- **ACTIVITY**: From the line holding "Cerro Andévalo: Mudanza del ocho" through the line holding "Auftritt wird seitlich" below, write out every line exactly; include both of those lines and drop the pictures.
[Opening GIVEN RECORDS section]
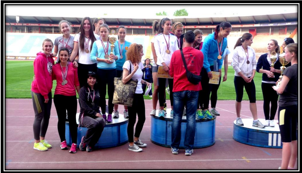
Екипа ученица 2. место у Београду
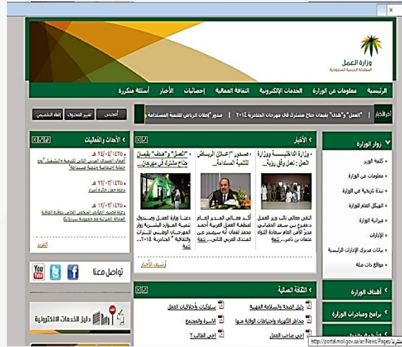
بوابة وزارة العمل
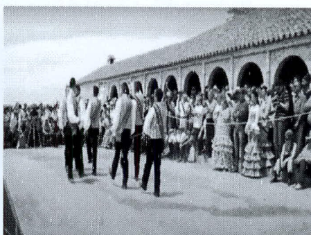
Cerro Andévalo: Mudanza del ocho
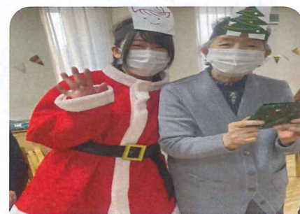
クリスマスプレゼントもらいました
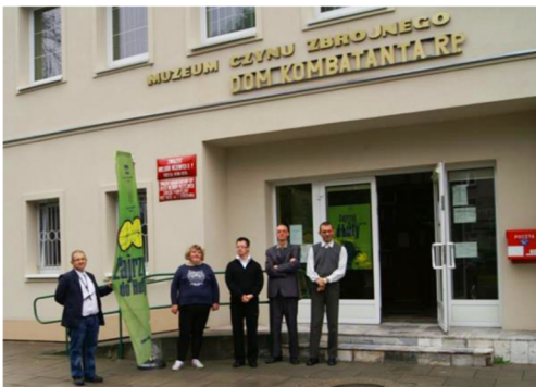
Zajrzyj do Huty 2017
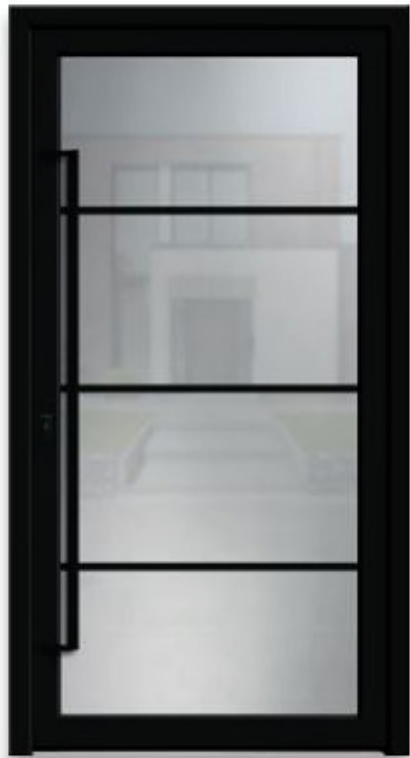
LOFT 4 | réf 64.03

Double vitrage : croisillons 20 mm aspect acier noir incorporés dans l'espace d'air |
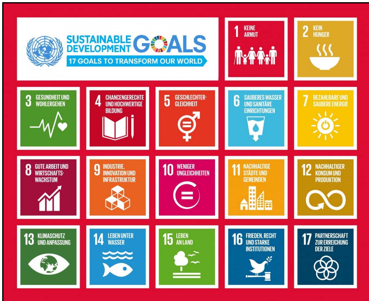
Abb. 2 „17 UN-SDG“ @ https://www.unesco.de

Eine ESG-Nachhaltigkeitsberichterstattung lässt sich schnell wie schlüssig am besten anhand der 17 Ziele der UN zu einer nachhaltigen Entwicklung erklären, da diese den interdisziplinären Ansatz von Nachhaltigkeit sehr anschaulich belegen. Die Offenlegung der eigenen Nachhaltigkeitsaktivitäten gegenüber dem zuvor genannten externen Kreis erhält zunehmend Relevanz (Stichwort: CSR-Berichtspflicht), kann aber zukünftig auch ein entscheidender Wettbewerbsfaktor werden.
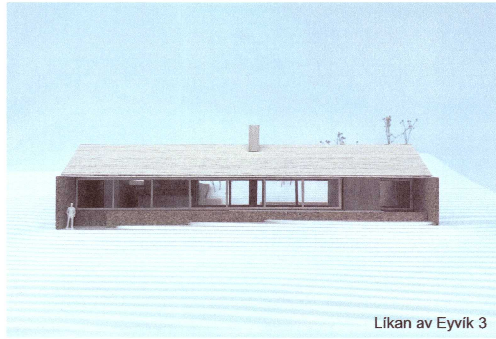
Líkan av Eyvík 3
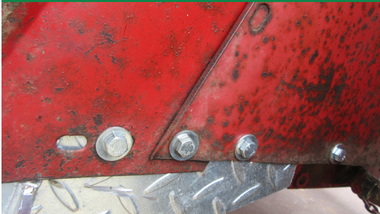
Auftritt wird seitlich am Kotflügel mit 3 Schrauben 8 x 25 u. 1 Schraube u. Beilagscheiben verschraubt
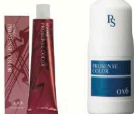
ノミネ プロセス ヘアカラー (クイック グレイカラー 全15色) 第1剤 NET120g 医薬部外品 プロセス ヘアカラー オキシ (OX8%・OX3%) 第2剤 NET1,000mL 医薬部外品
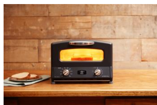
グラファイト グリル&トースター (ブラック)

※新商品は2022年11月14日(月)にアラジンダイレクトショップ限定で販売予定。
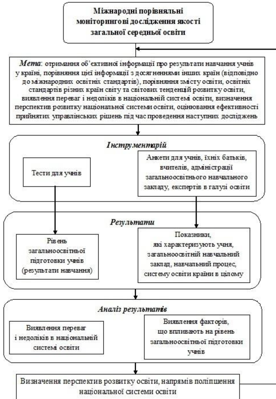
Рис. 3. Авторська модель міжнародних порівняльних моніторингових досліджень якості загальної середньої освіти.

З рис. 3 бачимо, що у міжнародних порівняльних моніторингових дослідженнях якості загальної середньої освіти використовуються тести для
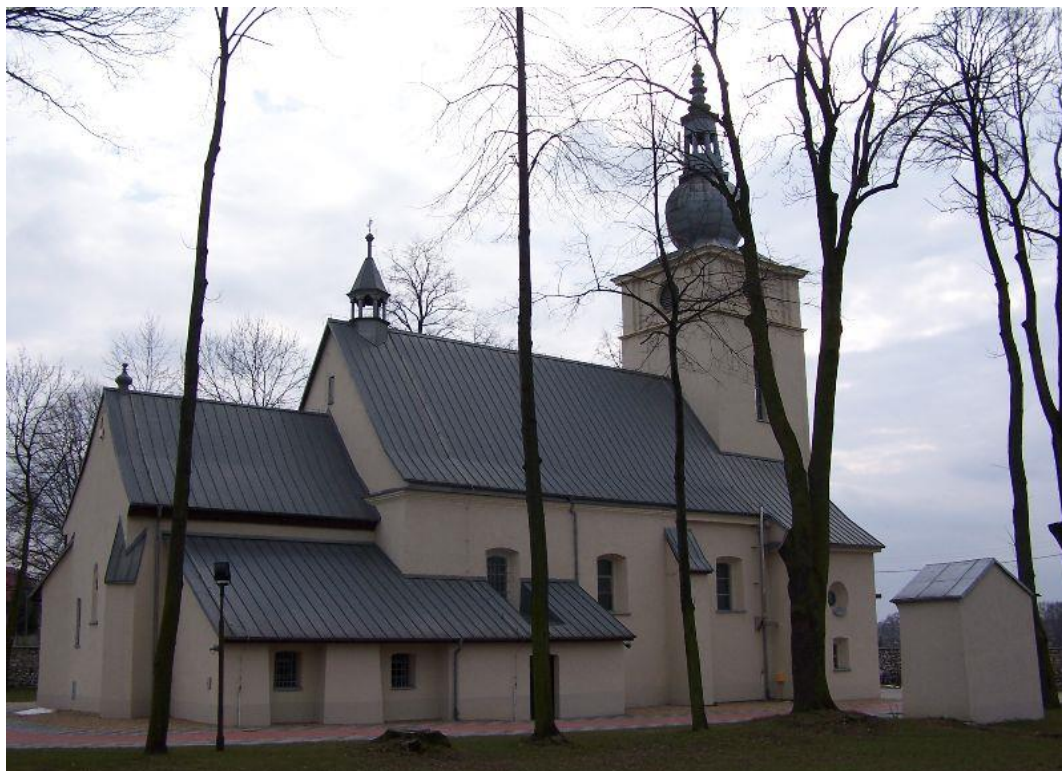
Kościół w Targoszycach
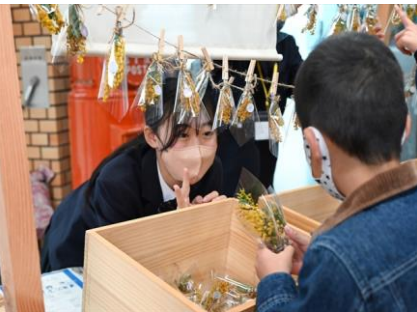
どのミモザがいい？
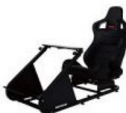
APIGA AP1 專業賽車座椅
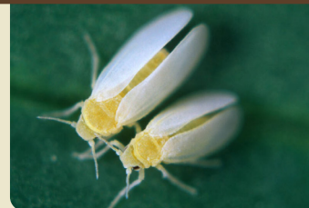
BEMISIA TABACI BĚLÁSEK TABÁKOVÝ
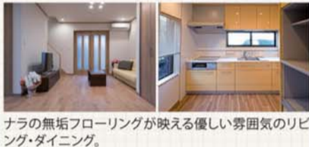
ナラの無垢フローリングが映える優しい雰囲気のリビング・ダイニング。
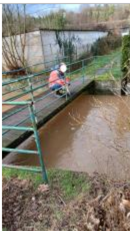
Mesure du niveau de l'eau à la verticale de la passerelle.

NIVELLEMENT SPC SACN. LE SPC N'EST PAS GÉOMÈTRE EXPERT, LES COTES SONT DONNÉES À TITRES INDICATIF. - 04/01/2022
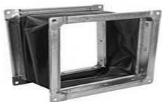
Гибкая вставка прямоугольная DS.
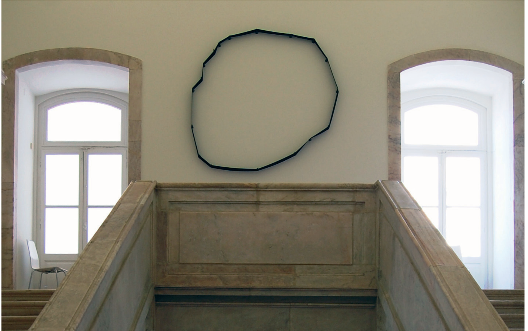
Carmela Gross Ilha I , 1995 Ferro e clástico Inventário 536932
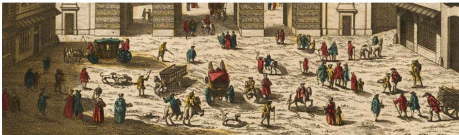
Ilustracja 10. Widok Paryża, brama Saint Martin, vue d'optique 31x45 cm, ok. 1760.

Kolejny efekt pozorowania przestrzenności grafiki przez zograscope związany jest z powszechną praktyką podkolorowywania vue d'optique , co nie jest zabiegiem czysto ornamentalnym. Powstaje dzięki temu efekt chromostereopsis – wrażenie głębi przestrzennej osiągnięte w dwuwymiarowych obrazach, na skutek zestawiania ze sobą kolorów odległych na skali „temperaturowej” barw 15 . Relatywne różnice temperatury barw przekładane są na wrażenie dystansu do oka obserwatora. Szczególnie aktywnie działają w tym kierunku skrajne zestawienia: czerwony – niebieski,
[Closing GIVEN RECORDS section]
- **ANSWER BOX**:
Cerro Andévalo: Mudanza del ocho
クリスマスプレゼントもらいました
Zajrzyj do Huty 2017
LOFT 4 | réf 64.03

Double vitrage : croisillons 20 mm aspect acier noir incorporés dans l'espace d'air |
Abb. 2 „17 UN-SDG“ @ https://www.unesco.de

Eine ESG-Nachhaltigkeitsberichterstattung lässt sich schnell wie schlüssig am besten anhand der 17 Ziele der UN zu einer nachhaltigen Entwicklung erklären, da diese den interdisziplinären Ansatz von Nachhaltigkeit sehr anschaulich belegen. Die Offenlegung der eigenen Nachhaltigkeitsaktivitäten gegenüber dem zuvor genannten externen Kreis erhält zunehmend Relevanz (Stichwort: CSR-Berichtspflicht), kann aber zukünftig auch ein entscheidender Wettbewerbsfaktor werden.
Líkan av Eyvík 3
Auftritt wird seitlich am Kotflügel mit 3 Schrauben 8 x 25 u. 1 Schraube u. Beilagscheiben verschraubt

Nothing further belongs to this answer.